**Instructions to follow**. Repeat the listing exactly, line by line, and leave the pictures behind.

**Data**.
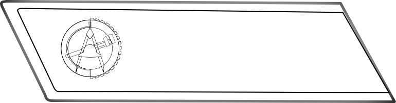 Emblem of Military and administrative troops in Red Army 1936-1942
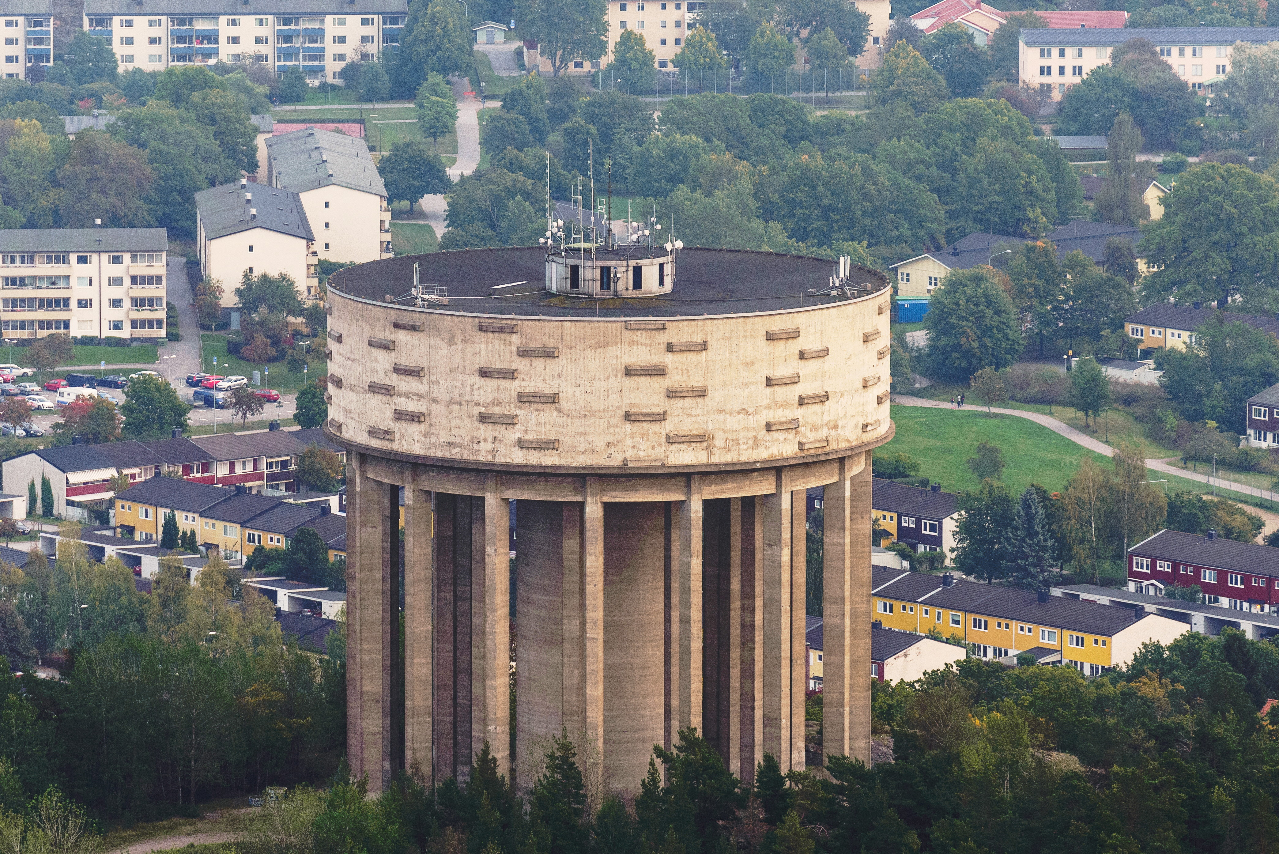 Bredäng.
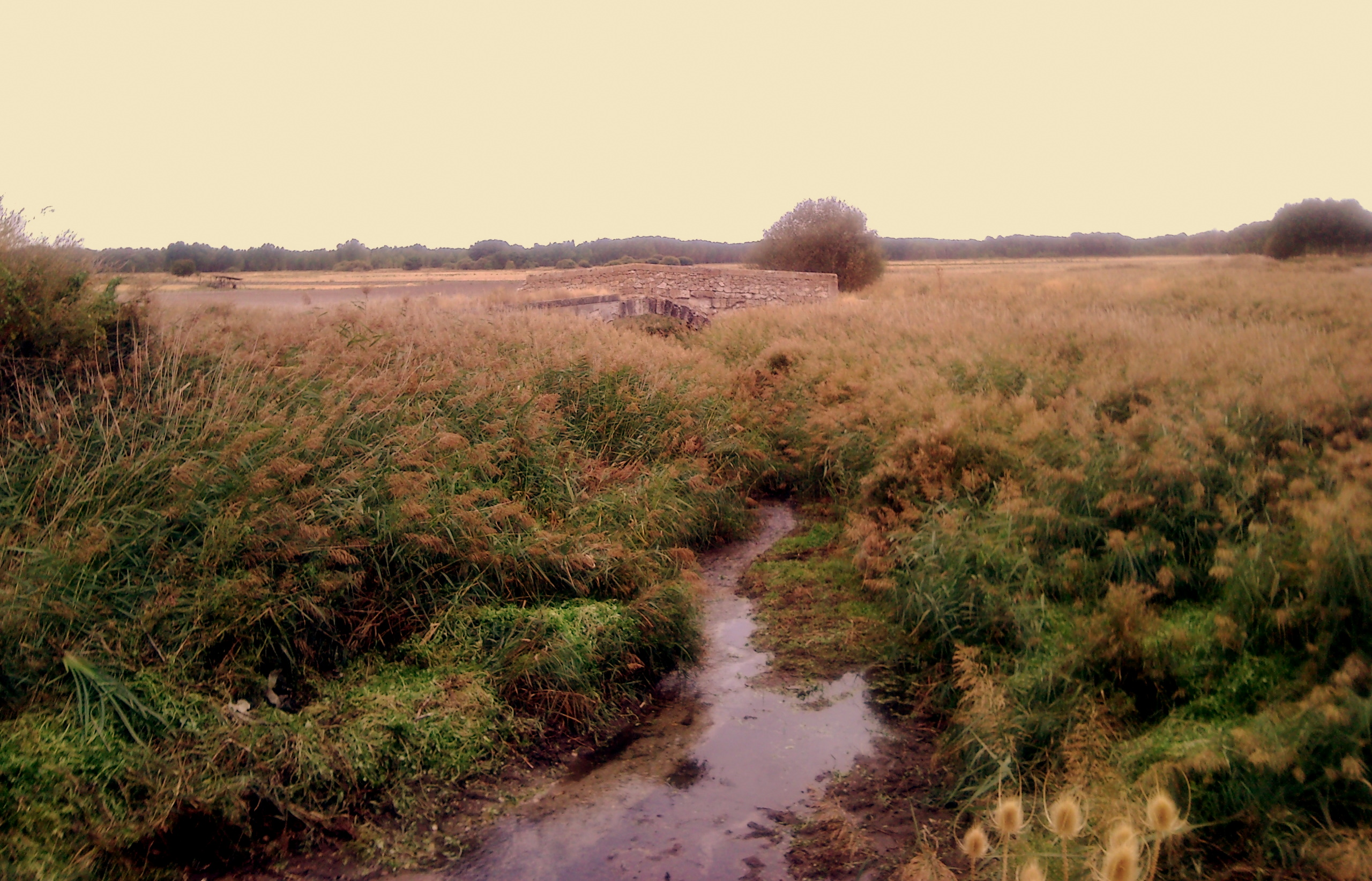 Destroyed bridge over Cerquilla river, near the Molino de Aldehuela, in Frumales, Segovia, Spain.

**Solution to this problem**.
 Emblem of Military and administrative troops in Red Army 1936-1942
 Bredäng.
 Destroyed bridge over Cerquilla river, near the Molino de Aldehuela, in Frumales, Segovia, Spain.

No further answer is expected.